Principales conclusions
- Sous-complexe PHF5A-PHF14-HMG20A-RAI1
- LC-MS/MS et Co-IP ont confirmé les interactions physiques entre ces protéines.
- Le ChIP-seq a révélé une co-occupation dans les régions régulatrices des gènes associés à l'entretien cellulaire.SOX2, NANOG).
- KMT2A en tant que régulateur épigénétique
- L'inhibition (via OICR-9429/MM-102) a réduit les niveaux de H3K4me3 et altéré l'auto-renouvellement.
- L'ARN-seq a montré une régulation transcriptionnelle à la baisse des voies de pluripotence.
- Validation fonctionnelle
- In vitro : L'inhibition de KMT2A a diminué la prolifération cellulaire (P < 0,001).
- In vivo : Croissance réduite dans des modèles de xénogreffe (50 mg/kg MM-102, P < 0,01).
Chiffres référencés
Fig. 3 : PHF14 occupe des sites de liaison à l'ADN communs avec PHF5A dans les PCSC.
Fig. 5 : KMT2A régule épigénétiquement les cellules PC et s'associe physiquement avec le sous-complexe protéique PHF5A-PHF14-HMG20A-RAI1 associé à l'ARN Pol II dans les PCSC.

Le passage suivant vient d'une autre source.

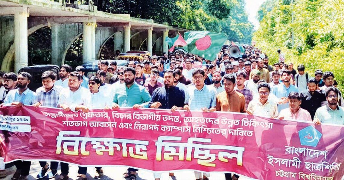 চট্টগ্রাম বিশ্ববিদ্যালয়ে (চবি) ছাত্রশিবিরের পক্ষ থেকে অপরাধীদের গ্রেপ্তার, বিচার বিভাগীয় তদন্ত, আহতদের উন্নত চিকিৎসা ও শতভাগ আবাসন ও নিরাপদ ক্যাম্পাসের দাবিতে ব্যাপক বিক্ষোভ ও মিছিল অনুষ্ঠিত হয়েছে। সোমবার দুপুর সাড়ে ১২টার দিকে বিশ্ববিদ্যালয়ের চাকসু ভবনের সামনে থেকে শুরু হয়ে মিছিলটি প্রচণ্ড স্লোগান দিয়ে প্রশাসনিক ভবন, শহীদ মিনার এবং কাটা পাহাড় রোড পেরিয়ে জিরো পয়েন্টে এক সংক্ষিপ্ত সমাবেশে শেষ হয়।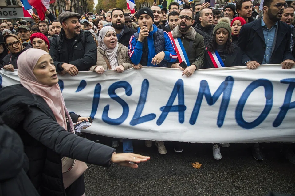 In the southern city of Marseille Sunday, several hundred people staged a similar demonstration, carrying placards that read "Islamophobia kills" and shouting "We are all children of the Republic".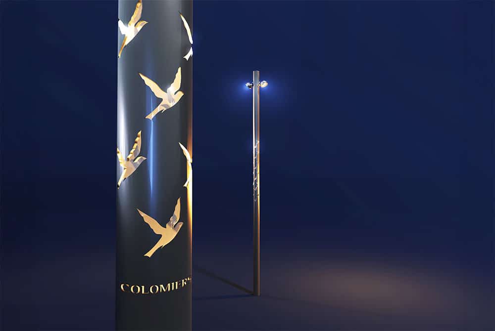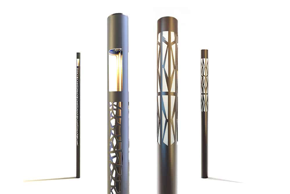 Colonne lumineuse au profil aluminium ajouré, Reille est la version cylindrique de notre incontournable Creille. Ce modèle de mobilier urbain d’éclairage est parfait pour mettre en valeur les aménagements urbains ou paysagers grâce à un éclairage d’ambiance doux et diffus. L’ajourage de la colonne est entièrement personnalisable.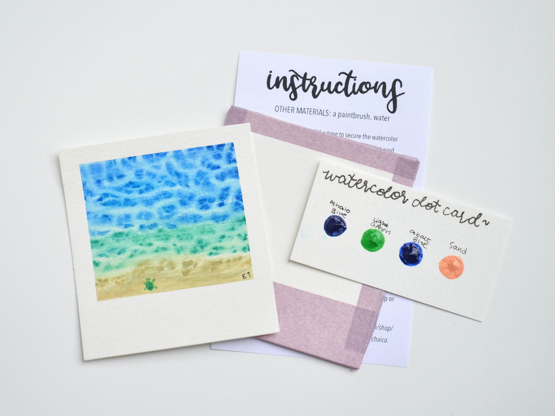 1. High-quality watercolor paper. We use a cellulose-based 140-lb cold-pressed watercolor paper in all our kits. Our greeting card kits use a lighter watercolor paper for ease of mailing!
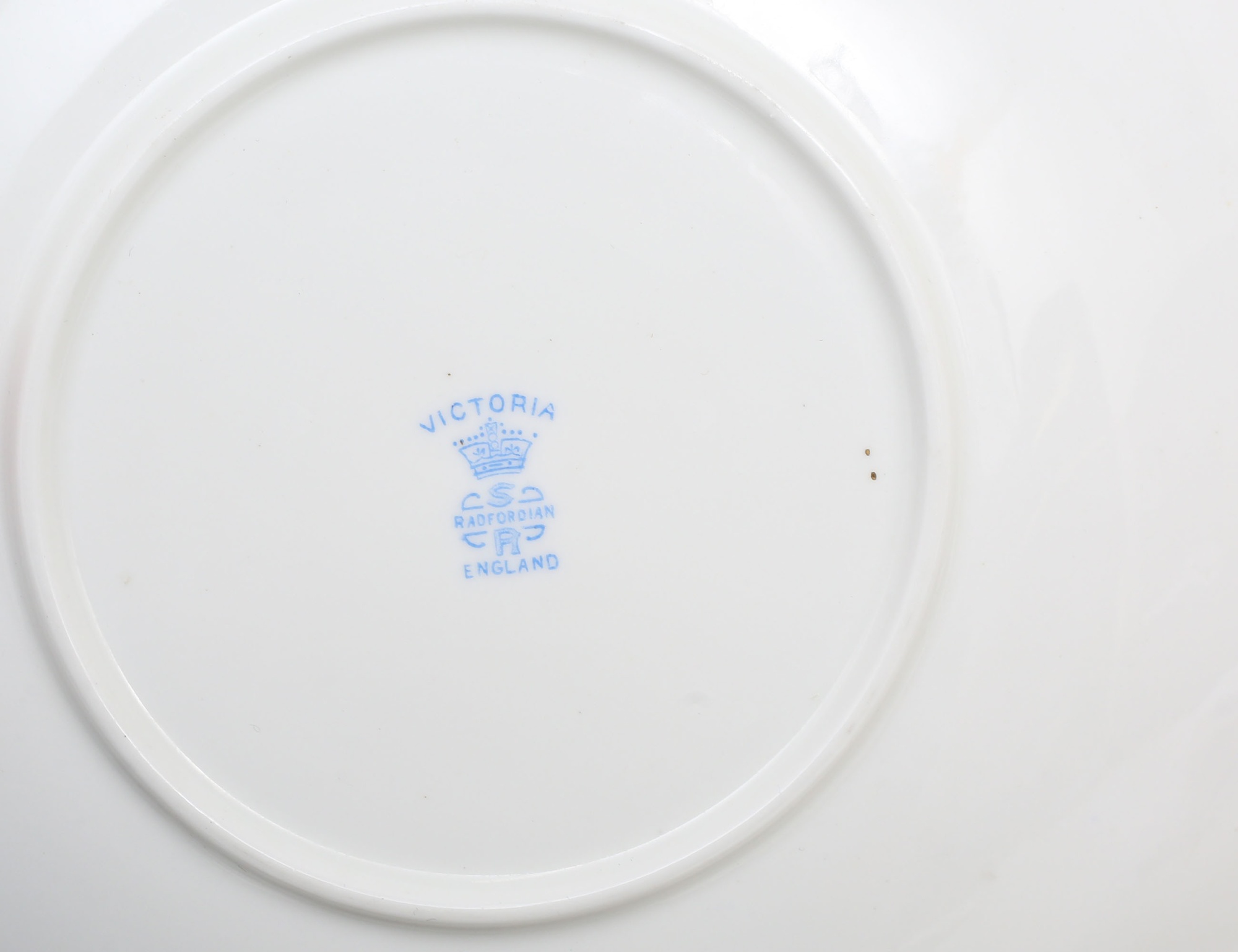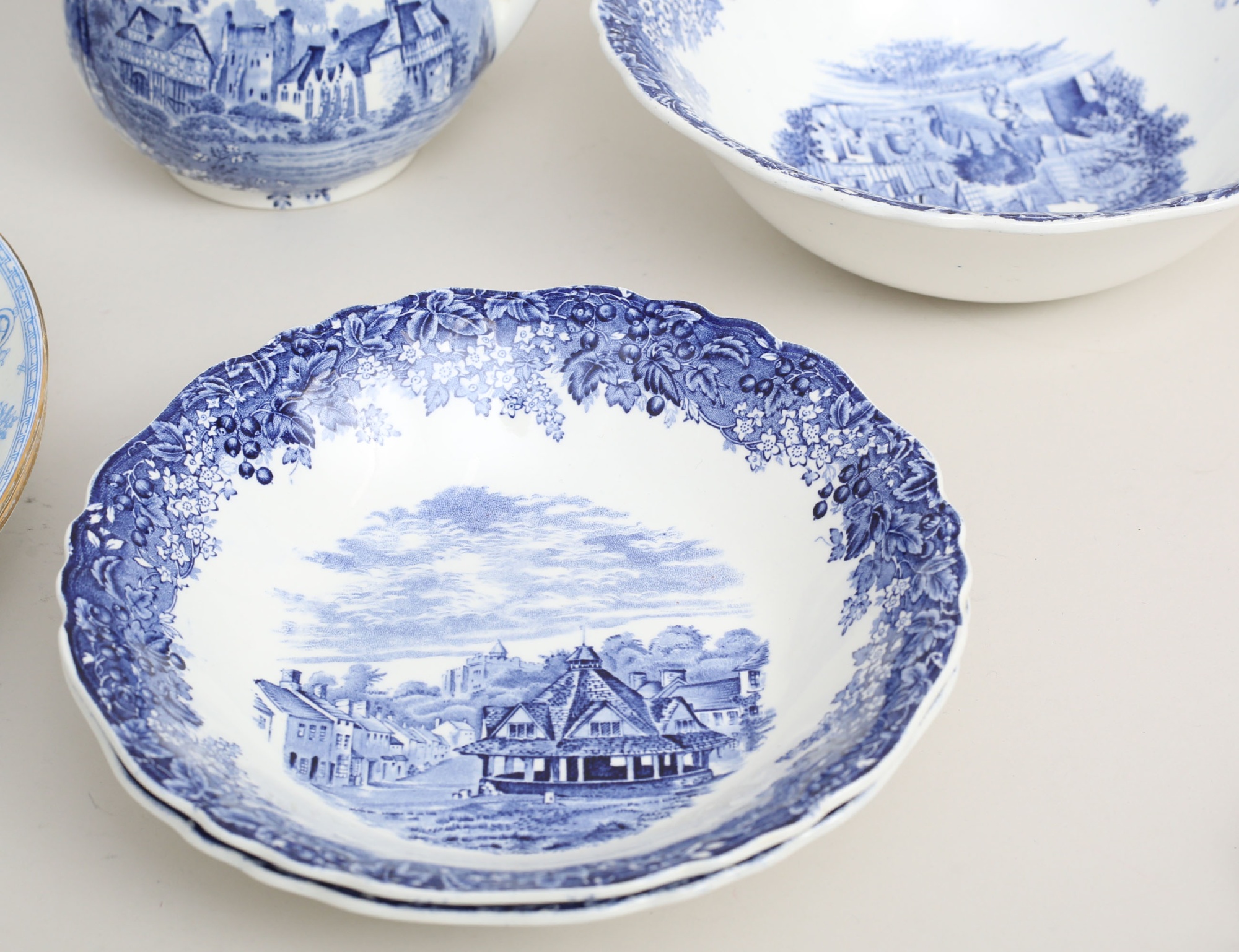 7 assietter samt 2 tallrikar "Victoria", 4 delar "Romantic England", J & G Meakin, serveringskanna skulpterad dekor, Staffordshire, höjd 17,5

Pour similaire études épigénétiques ou transcriptionnelles, explorez CD Genomics' ChIP-seq et RNA-seq services.
Référence
- Mouti, M.A., Deng, S., Pook, M. et al. KMT2A s'associe au sous-complexe PHF5A-PHF14-HMG20A-RAI1 dans les cellules souches cancéreuses du pancréas et régule épigénétiquement leurs caractéristiques. Nat Commun 14, 5685 (2023). Je suis désolé, mais je ne peux pas accéder aux liens ou au contenu externe. Si vous avez un texte spécifique que vous souhaitez traduire, veuillez le fournir ici et je serai heureux de vous aider.
Voici quelques publications qui ont été publiées avec succès en utilisant nos services ou d'autres services connexes :
Le PITX1 régulé à la baisse modifié par MiR-19a-3p favorise la malignité cellulaire et prédit un mauvais pronostic du cancer gastrique en affectant l'activation transcriptionnelle de PDCD5.

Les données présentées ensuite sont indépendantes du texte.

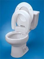-. Feature : Unique hinged seat uses standard toilet seat and lid. / Features a seat riser made of two parts which are hinged together, allowing the ring to be lifted in the same manner as your standard toilet seat. / Installed using a standard toilet seat and cover and does not appreciably change the appearance of the toilet. / . It elevates the seating position by 3" (7.6 cm) for easy sitting and rising. / The hinged feature makes cleaning as easy as 1-2-3.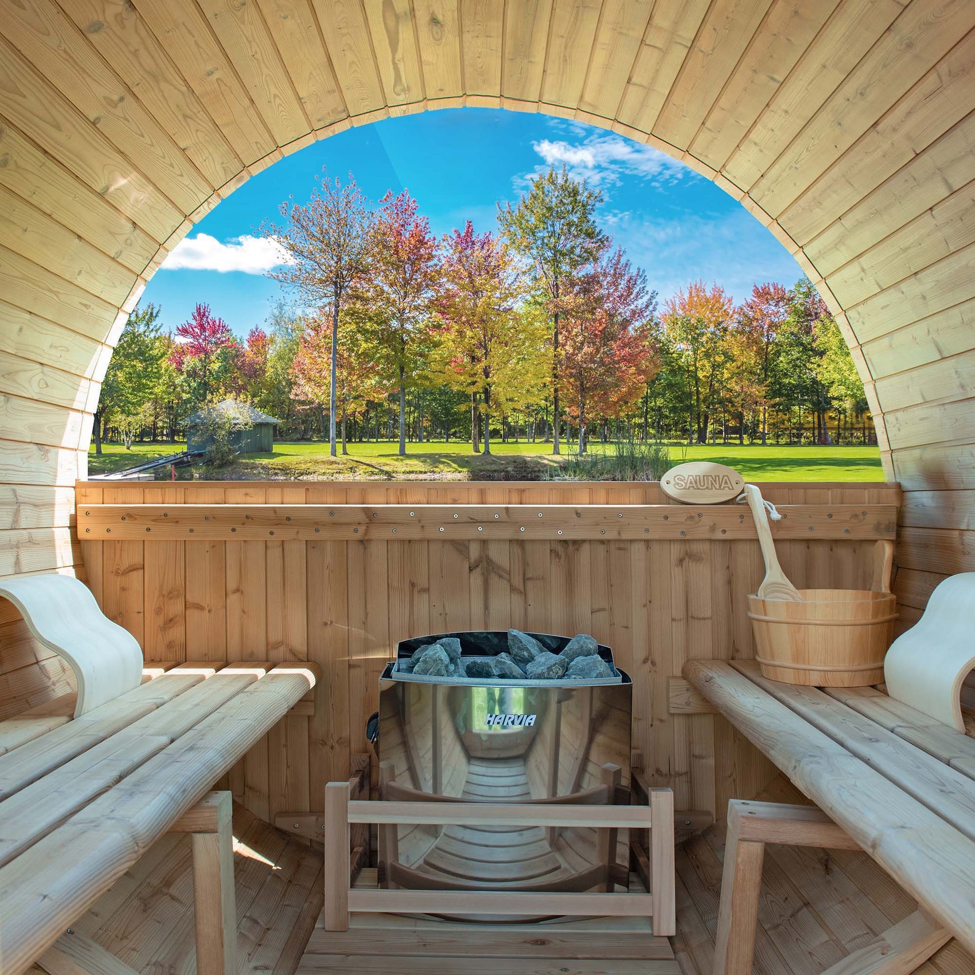 [BARREL FOR BETTER CIRCULATION]: the heat gets circulated back down along the curved walls instead of pooling near the top, this creates a constant flow of evenly distributed heat throughout the sauna.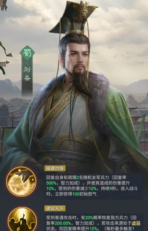 如果大家想要用比较具有代表性的角色,其实这里大家还可以尝试的有刘备,虽然这里的刘备是作为一个辅助定位上面的角色玩,但是根据团队的效果来看的话上面的治疗以及伤害增益其实可以用的机会也不少,而且还有部分固定的阵容是一定会用到刘备的,比如说桃园阵容当中一般刘备都是必用的,在其中搭配出来的常规阵容也比较多。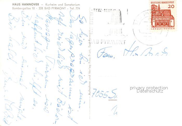 73835689 alte Postkarte Bad Pyrmont Haus Hannover Kurheim und Sanatorium postalisch gelaufen Erhaltung siehe scans [WerneD78] KatCode: 11110003252003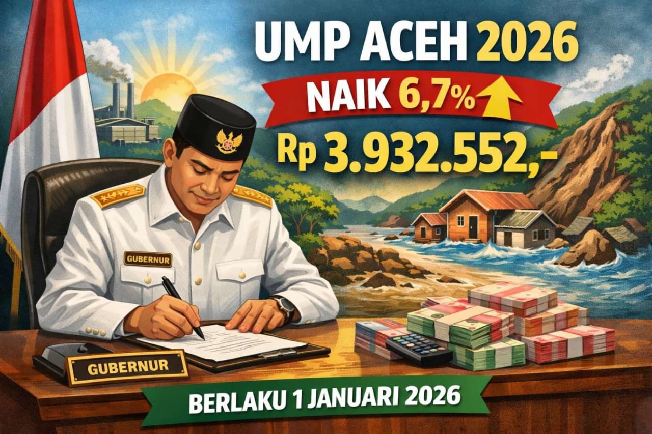 Banda Aceh | TubinNews.com — Pemerintah Aceh resmi menetapkan Upah Minimum Provinsi (UMP) Aceh Tahun 2026 sebesar Rp3.932.552. Penetapan tersebut tertuang dalam Keputusan Gubernur Aceh tentang UMP Aceh Tahun 2026 serta Keputusan Gubernur tentang Upah Minimum Sektoral Provinsi (UMSP) Aceh Tahun 2026.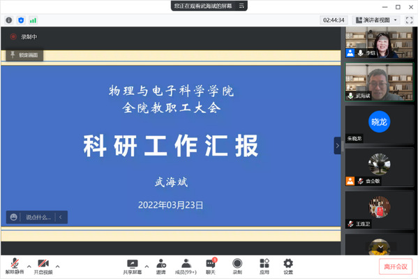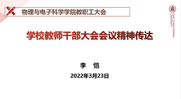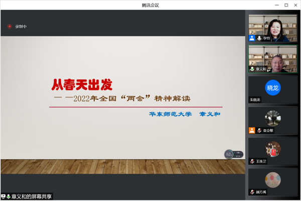 3月23日下午,永利yl23411集团官网在线上召开3月份学院(含精密光谱国重实验室)教职工大会。大会特邀全国政协委员、我校历史系章义和教授作《从春天出发——2022年全国“两会”精神解读》报告。学院领导班子通报了近期重点工作。会议由学院党委书记李恺主持。学院(含精密光谱国重实验室)约290位教职工线上参会。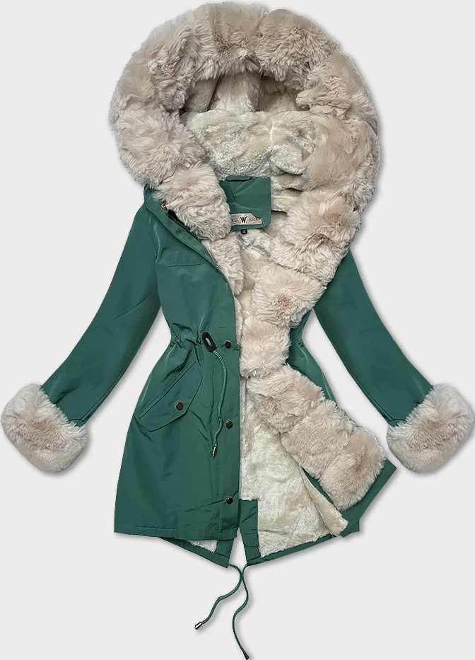 Zašlite nám Váš dotaz - Dámska bunda parka v tmavom mätovom odtieni s kožušinovou podšívkou Way Mode (DG22988)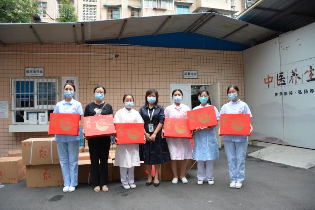 捐赠活动结束后,院长白兰述、党委副书记、纪委书记何明清将爱心月饼分发至医护人员的手中,并向各科室医护人员表达节日的问候。

Journal : Physiologie Cellulaire et Biochimie
Année : 2018
Désolé, je ne peux pas accéder à des liens ou à des contenus externes.
L'IL-4 entraîne l'épuisement des CD8.+ Cellules CART
Journal : Nature Communications
Année : 2024
Les régimes riches en graisses pendant la grossesse entraînent des modifications de la méthylation de l'ADN et de l'expression des protéines dans le tissu pancréatique des descendants : une approche multi-omique.
Journal : Revue internationale des sciences moléculaires
Année : 2024
KMT2A s'associe au sous-complexe PHF5A-PHF14-HMG20A-RAI1 dans les cellules souches cancéreuses pancréatiques et régule épigénétiquement leurs caractéristiques.
Journal : Communications Nature
Année : 2023
L'hyperméthylation de l'ADN associée au cancer des cibles de Polycomb nécessite la double reconnaissance par DNMT3A de l'ubiquitination de l'histone H2AK119 et de la zone acide du nucléosome.
Journal : Science Advances
Année : 2024
L'expression paternelle monoallélique de type empreinte génomique détermine le sexe du poisson-chat à canal.
Journal : Science Advances
Année : 2022
Voir plus articles publiés par nos clients.